▸ Exercise brief: Write out the stretch of lines below that begins at the line with "①前两位字母均为大写,bean名称为类名" and ends at the line with "which is included.", including both, exactly as given and nothing more.

▸ Material for this task:
====

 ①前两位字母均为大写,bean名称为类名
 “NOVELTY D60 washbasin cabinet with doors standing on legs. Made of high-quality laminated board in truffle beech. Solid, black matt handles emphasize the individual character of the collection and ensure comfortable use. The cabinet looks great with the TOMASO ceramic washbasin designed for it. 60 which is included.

====

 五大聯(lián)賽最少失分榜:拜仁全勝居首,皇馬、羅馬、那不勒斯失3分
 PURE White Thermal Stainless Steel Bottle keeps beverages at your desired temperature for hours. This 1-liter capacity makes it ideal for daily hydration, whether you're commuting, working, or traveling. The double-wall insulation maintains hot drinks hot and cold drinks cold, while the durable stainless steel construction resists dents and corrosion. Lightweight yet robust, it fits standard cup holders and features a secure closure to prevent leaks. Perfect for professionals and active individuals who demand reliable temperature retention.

====

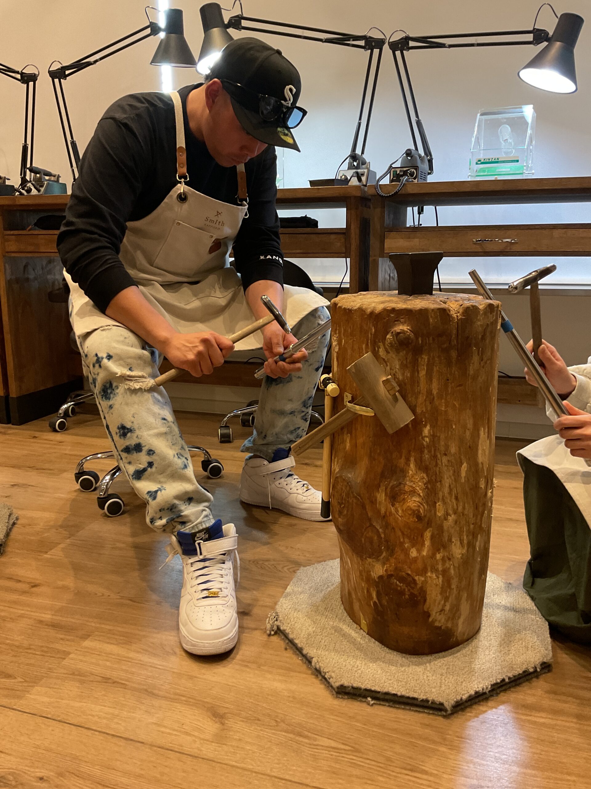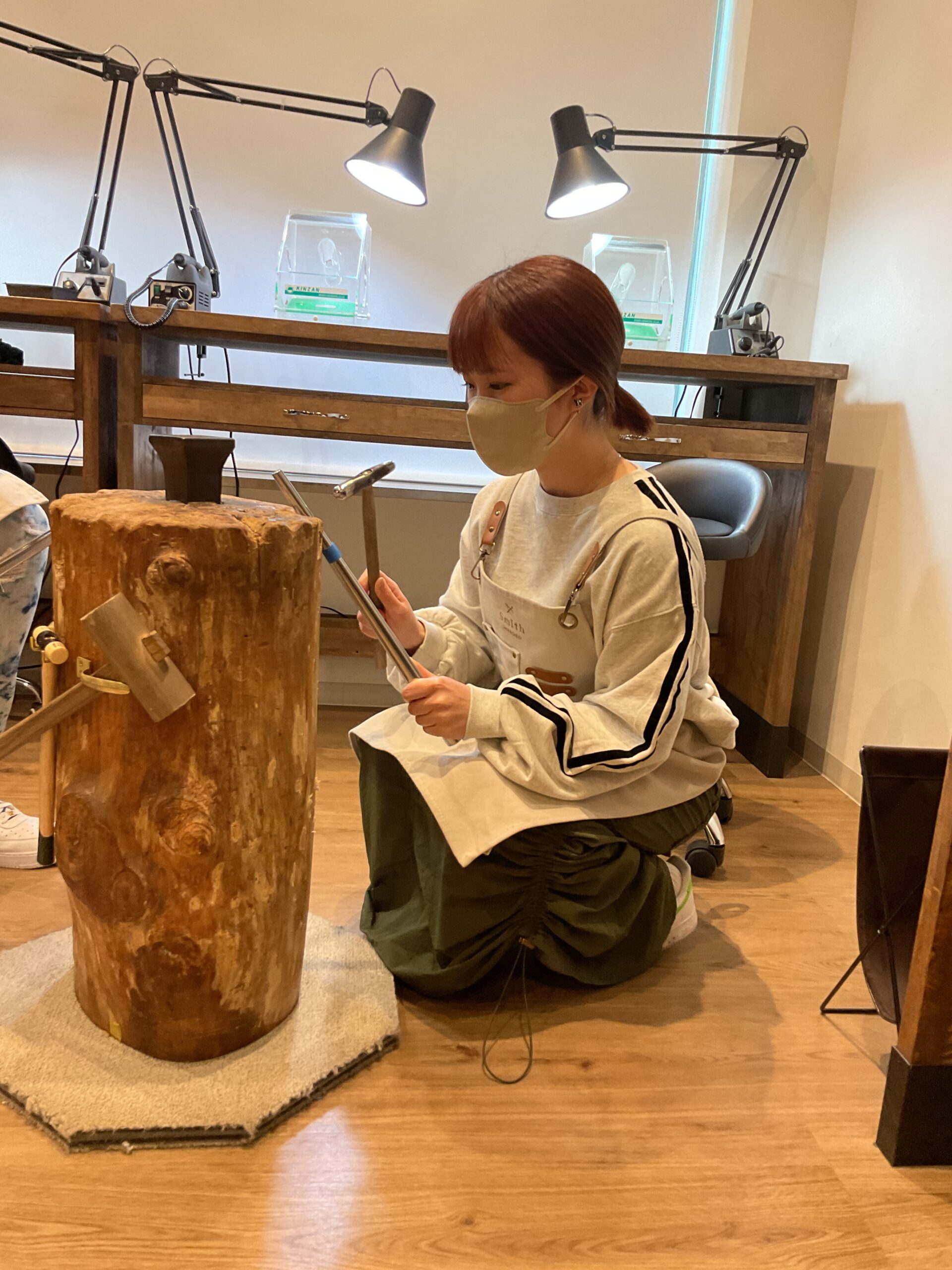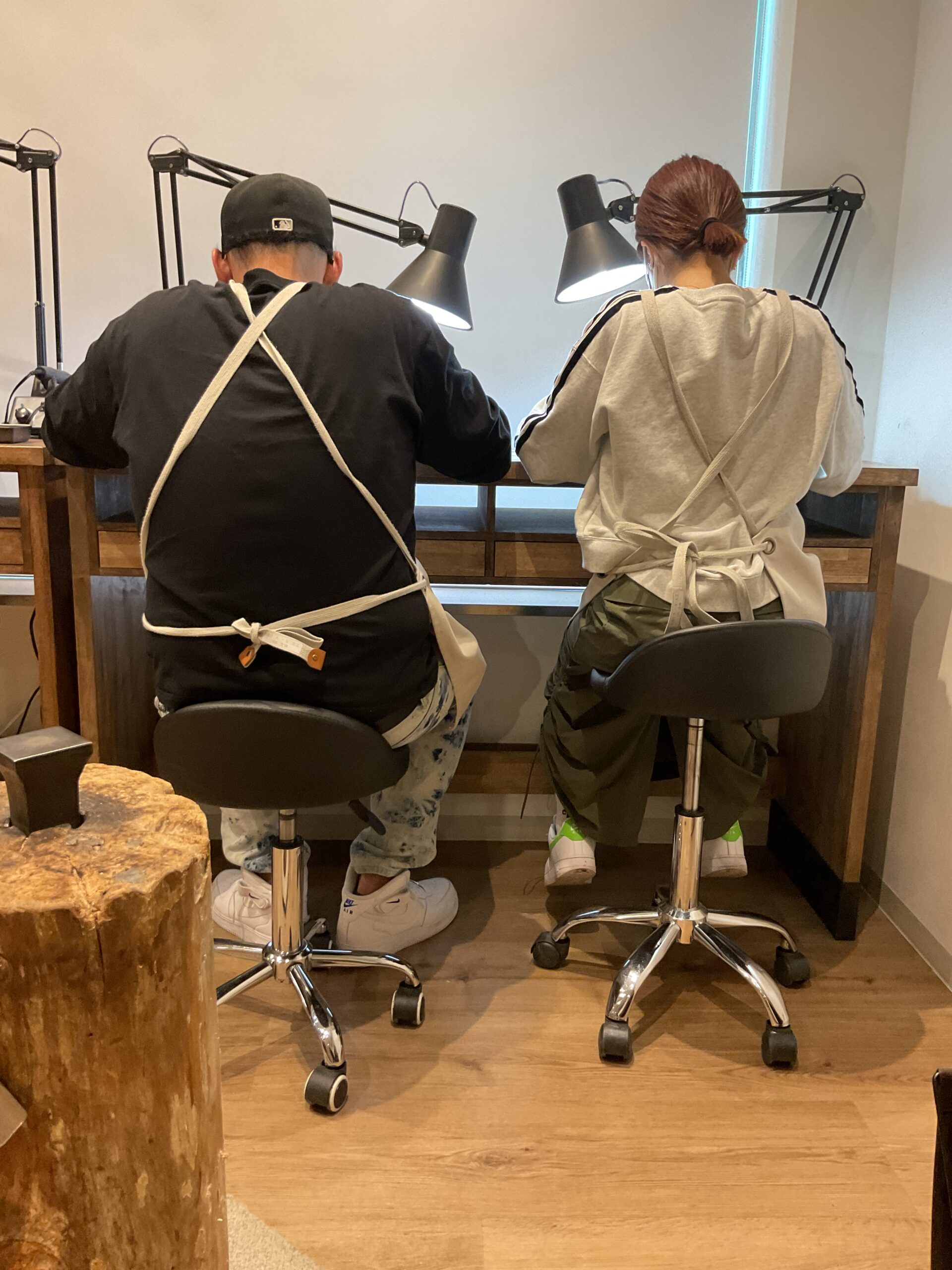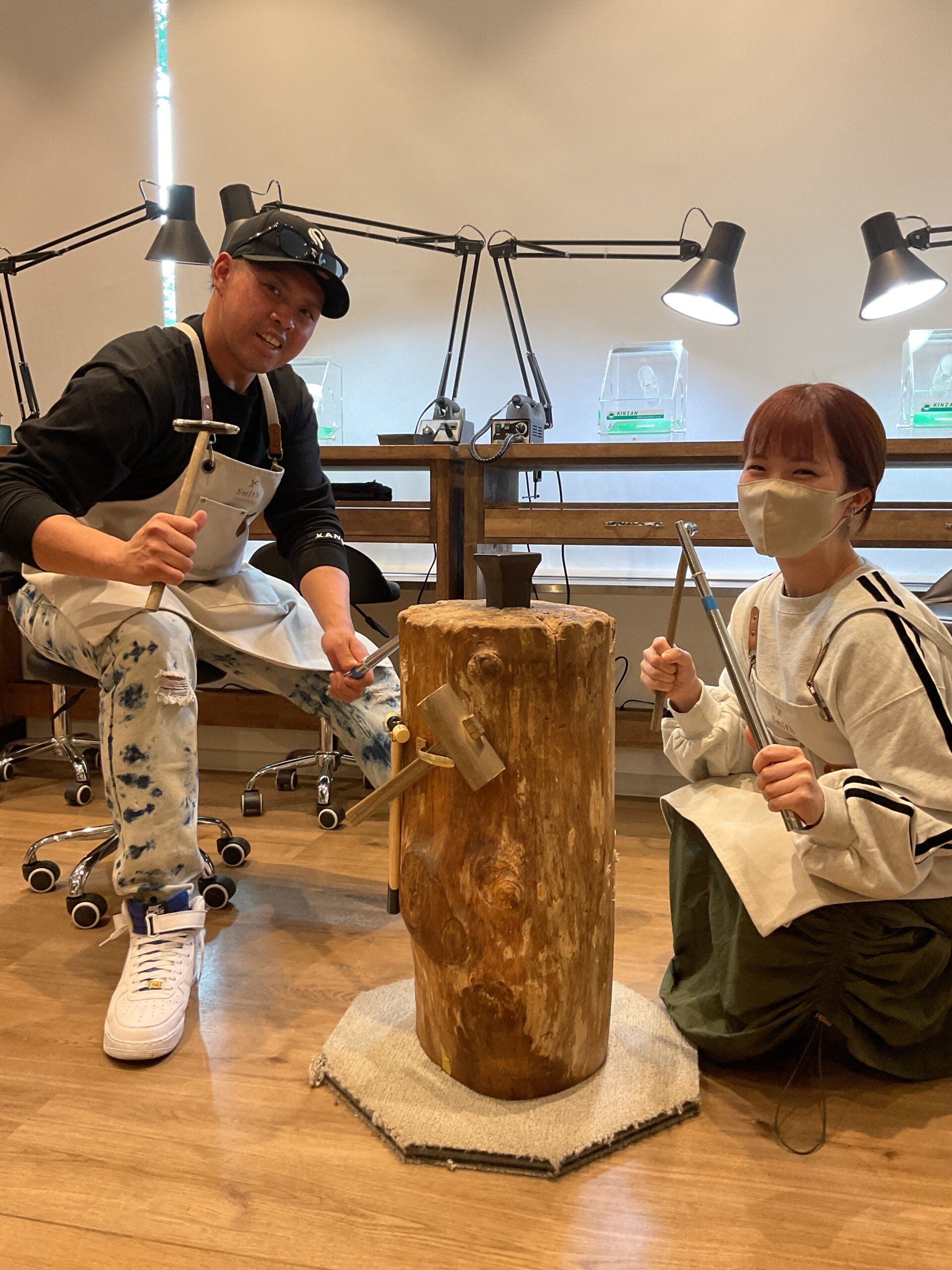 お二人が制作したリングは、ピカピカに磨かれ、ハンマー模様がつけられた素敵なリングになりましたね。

====

▸ Answer to this problem:
 ①前两位字母均为大写,bean名称为类名
 “NOVELTY D60 washbasin cabinet with doors standing on legs. Made of high-quality laminated board in truffle beech. Solid, black matt handles emphasize the individual character of the collection and ensure comfortable use. The cabinet looks great with the TOMASO ceramic washbasin designed for it. 60 which is included.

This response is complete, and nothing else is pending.